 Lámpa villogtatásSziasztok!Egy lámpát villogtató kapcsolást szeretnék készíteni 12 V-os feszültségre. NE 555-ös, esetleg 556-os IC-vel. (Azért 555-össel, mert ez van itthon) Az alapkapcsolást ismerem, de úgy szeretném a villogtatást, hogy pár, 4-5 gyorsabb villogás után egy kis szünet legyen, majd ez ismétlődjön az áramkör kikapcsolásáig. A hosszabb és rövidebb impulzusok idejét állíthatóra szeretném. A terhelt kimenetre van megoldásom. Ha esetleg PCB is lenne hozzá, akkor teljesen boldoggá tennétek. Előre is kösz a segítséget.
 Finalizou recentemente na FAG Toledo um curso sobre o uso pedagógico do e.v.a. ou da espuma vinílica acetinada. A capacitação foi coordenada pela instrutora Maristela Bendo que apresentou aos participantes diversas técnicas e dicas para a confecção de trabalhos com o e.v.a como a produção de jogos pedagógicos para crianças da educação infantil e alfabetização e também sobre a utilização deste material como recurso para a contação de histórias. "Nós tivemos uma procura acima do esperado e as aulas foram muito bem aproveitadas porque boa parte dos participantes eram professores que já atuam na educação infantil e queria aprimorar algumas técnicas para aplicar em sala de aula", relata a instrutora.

#####

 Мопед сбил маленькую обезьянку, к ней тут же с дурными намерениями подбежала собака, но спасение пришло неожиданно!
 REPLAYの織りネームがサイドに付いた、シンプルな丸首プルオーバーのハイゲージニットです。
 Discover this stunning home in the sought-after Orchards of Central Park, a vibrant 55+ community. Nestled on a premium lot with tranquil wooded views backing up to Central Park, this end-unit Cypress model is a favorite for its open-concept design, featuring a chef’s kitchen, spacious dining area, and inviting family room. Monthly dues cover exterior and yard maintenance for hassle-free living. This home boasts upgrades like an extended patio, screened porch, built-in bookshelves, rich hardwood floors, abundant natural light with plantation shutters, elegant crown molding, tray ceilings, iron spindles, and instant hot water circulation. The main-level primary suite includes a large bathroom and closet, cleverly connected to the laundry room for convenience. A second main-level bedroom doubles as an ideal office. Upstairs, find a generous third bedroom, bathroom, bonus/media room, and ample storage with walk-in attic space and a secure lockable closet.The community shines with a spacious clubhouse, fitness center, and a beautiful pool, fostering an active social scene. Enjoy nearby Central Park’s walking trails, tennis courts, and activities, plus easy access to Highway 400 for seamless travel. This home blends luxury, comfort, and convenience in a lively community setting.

#####

**Exercise brief:** Look above for the line containing "Lámpa villogtatásSziasztok!Egy lámpát". Output from there through the line containing "Finalizou recentemente na", exactly and inclusively.

**Result of this exercise:**
 Lámpa villogtatásSziasztok!Egy lámpát villogtató kapcsolást szeretnék készíteni 12 V-os feszültségre. NE 555-ös, esetleg 556-os IC-vel. (Azért 555-össel, mert ez van itthon) Az alapkapcsolást ismerem, de úgy szeretném a villogtatást, hogy pár, 4-5 gyorsabb villogás után egy kis szünet legyen, majd ez ismétlődjön az áramkör kikapcsolásáig. A hosszabb és rövidebb impulzusok idejét állíthatóra szeretném. A terhelt kimenetre van megoldásom. Ha esetleg PCB is lenne hozzá, akkor teljesen boldoggá tennétek. Előre is kösz a segítséget.
 Finalizou recentemente na FAG Toledo um curso sobre o uso pedagógico do e.v.a. ou da espuma vinílica acetinada. A capacitação foi coordenada pela instrutora Maristela Bendo que apresentou aos participantes diversas técnicas e dicas para a confecção de trabalhos com o e.v.a como a produção de jogos pedagógicos para crianças da educação infantil e alfabetização e também sobre a utilização deste material como recurso para a contação de histórias. "Nós tivemos uma procura acima do esperado e as aulas foram muito bem aproveitadas porque boa parte dos participantes eram professores que já atuam na educação infantil e queria aprimorar algumas técnicas para aplicar em sala de aula", relata a instrutora.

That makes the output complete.